Monday, July 12, 2010
Posted by Mar-Ce Bennett
If a sport can be considered beautiful...soccer is a TEN. The sport is rugged yet graceful as ballet. As for those magnificent players.....they're gorgeous! The soccer lads are downright hotties...trim, masculine and muscular without an ounce of fat/blubber on their striking, magnificent physiques. Nearly every soccer player sports astounding 6 pack abs that practically jump out of their sweaty jerseys. In comparison, a good many American football hulks resemble overweight, helmet-clad refrigerators as they lumber across a football field.
Soccer players are in top notch physical condition because they are constantly in motion. Unlike football games that seem to stop action every 2 minutes, soccer matches run for 90 minutes or longer without a break. The limber soccer guys sprint like gazelles exuding an amazing sense of balance, strength, endurance and incredible dexterity. It's one thing to catch a ball in your hands but try juggling, kicking, flipping and passing a ball...with your feet. In my opinion, it takes a whole lot more skill to play soccer.
Soccer players wear shorts, for goodness sake. Talk about self-confidence. This makes them fearless in my estimation. No helmets, no shoulder or knee pads, no mouth pieces, no chin guards, no fat, thick layers of padding strapped around their legs. The only thing between a soccer player's bare flesh and a violent thrust to his kidneys...is a flimsy T shirt. Players do have very sharp, fiendish cleats on the bottom of their shoes...which must really, really hurt should an opponent jam his flying foot into your face or chest.
From my brief stint at watching a few soccer matches on TV, I've gained an appreciation for this thrilling, non-stop sport. However, I will concede that the scoring is less than exciting. Because the soccer ball changes "feet" so frequently, many games result in ties or very low scores. I prefer to see a definite winner and loser in a sports game. You almost feel cheated when the score results are so laughably low. Case in point, Spain finally pulverized the Netherlands for the 2010 World Cup supremacy with a beefy win of: one to zero. Whooptee do. But the crazy thing is...the players severely injured and nearly killed themselves fighting for that humble score.

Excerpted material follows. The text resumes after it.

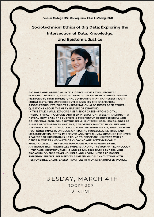 3/4/2025Elise ZhengColumbia UniversityPostdoctoral FellowSociotechnical Ethics of Big Data: Exploring the Intersection of Data, Knowledge, and Epistemic Justice Rockefeller 3072:00
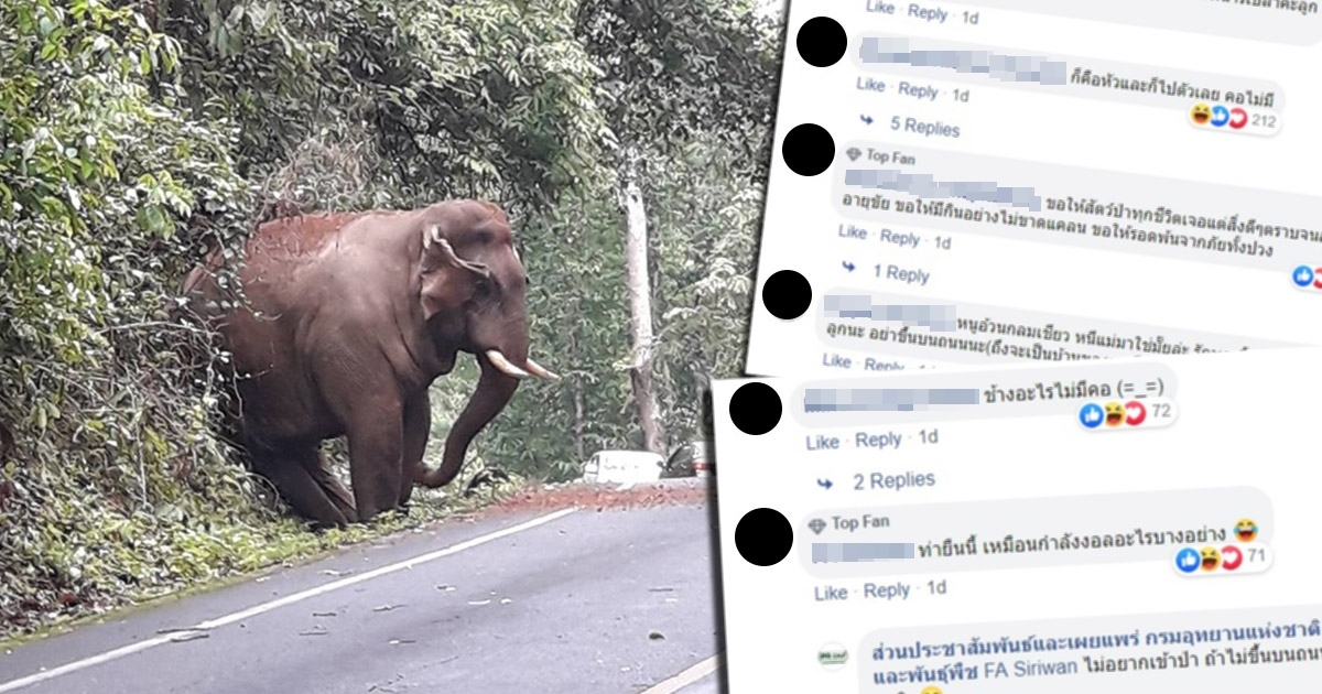 น้องช้างป่าผู้น่ารัก หลีกทางไม่ขวางรถ พุงพลุ้ยริมถนน สมบูรณ์จนโดนแซว

Finally, my last word on soccer: Vuvuzelas...those colorful but annoying, loud, raucous, monotone horns blown by enthusiastic fans during soccer games. It sounds like 100 zillion ear-splitting kazoos all blaring at the same time. If soccer players can withstand a stadium throbbing with deafening vuvuzelas...and emerge from a game with their sanity (and their hearing) intact...then they truly are indeed...the bravest athletes in the world.